Not all religious leaders are comfortable about electronic donations, worried that their members might be going into credit card debt to make contributions. "For many parishioners it does not 'feel right' to use a credit card, possibly incurring debt, for church donations," wrote Ellen Chatard, director of development and communications for the Episcopal Diocese of Maryland, in an e-mail.

"I am a proponent of less credit," says Brown of Shiloh Baptist.

"We all recognize within our society the temptation is to overuse and abuse credit," he says. "We find that it would not be consistent in trying to empower people and get them out of poverty and struggling Friday to Friday" to encourage them to pay with something they don't have.

liz.kay@baltsun.com

Keeping record

According to the Internal Revenue Service, if you plan to itemize monetary contributions to a religious or charitable organization when you file your taxes next year, you'll need to keep one of the following:

Bank or credit union statements that state the name of the charity, the amount paid and the date of the gift.

Credit card statements that show the nonprofit's name and the posting date of the transaction.

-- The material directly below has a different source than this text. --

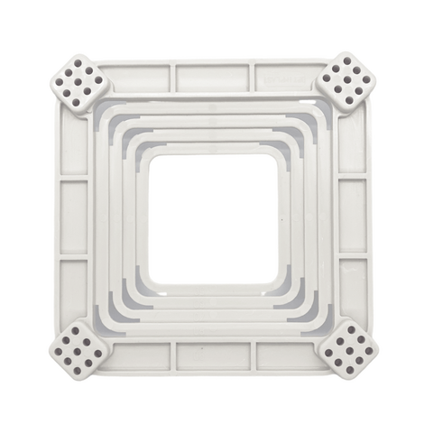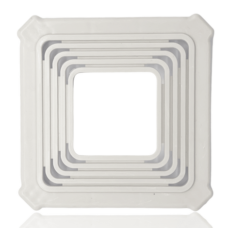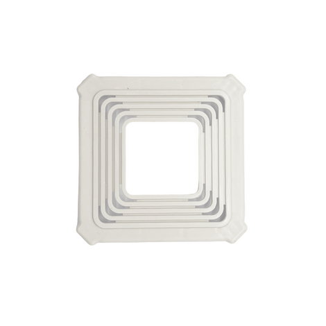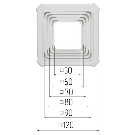 Универсальная платформа представляет собой квадрат ступенчатой формы (форма воронки) с шагом (ступенями) шириной 10 мм. Во время монтажа, выбрав квадрат нужного размера, все квадраты меньшего размера обрезаются. Кроме того, из-за своей ступенчатой структуры площадь контакта платформы с ПВХ пленкой будет минимальной. Благодаря этому, используя даже самое тонкое полотно, универсальная платформа для встроенного светильника не будет видна.

A pay stub, W-2 form or other document indicating the total amount withheld through automatic payroll deductions, along with a pledge card for the organization.

A written letter or e-mail from the charity with its name, the date of each contribution and the amount of each.

The IRS states that for most taxpayers who file on a calendar-year basis, these changes apply to all donations made after Jan. 1, 2007.

The IRS still requires acknowledgment of individual gifts of $250 or more as in previous years, but one letter that details all gifts will suffice.